One of the campaign's defining images was a photo of a sick 4-year-old boy sleeping on a hospital floor because no beds were available. Johnson's initial failure to even look at the photo in an on-camera interview put him on the defensive, portraying him as being insensitive to the child's plight.
The photo, initially published by the Yorkshire Evening Post, swept across social media like a firestorm, injecting an explosive jolt into the political war of information in the final days of the campaign.
For many voters, the election offered an unpalatable choice. Both Johnson and Corbyn have personal approval ratings in negative territory, and both have been dogged by questions about their character.
Johnson has been confronted with past broken promises, untruths and offensive statements, from calling the children of single mothers "ignorant, aggressive and illegitimate" to comparing Muslim women who wear face-covering veils to "letter boxes."
In Uxbridge, the suburban London seat that Johnson represents in Parliament, Stefan Hay said he was voting for the prime minister despite his flaws.
"At the end of the day, whether you like him or not, with all of his eccentricities, I think he has leadership ability and I think he is the best man for the job, simple as that," Hay said. "The alternative would be excruciating."
Corbyn has been accused of allowing anti-Semitism to spread within the party.

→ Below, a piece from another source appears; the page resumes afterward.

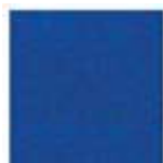
Expostyle 0824 ROYAL BLUE Pantone 7687C

The 70-year-old left-winger is portrayed by opponents as an aging Marxist with unsavory past associations with Hamas and the IRA.
With so much at stake, political parties have pushed the boundaries of truth, transparency and reality during five weeks of campaigning.
Social media platforms were a critical battleground, as the parties bombarded voters with social media messages — many of which were misleading.
The Conservatives, in particular, were criticized for using underhanded tactics on social media. The party circulated a doctored video that made it look as if an opposition leader had been stumped when asked about his position on Brexit. Then during a TV debate, the party re-branded its press office Twitter account as a fact-checking service.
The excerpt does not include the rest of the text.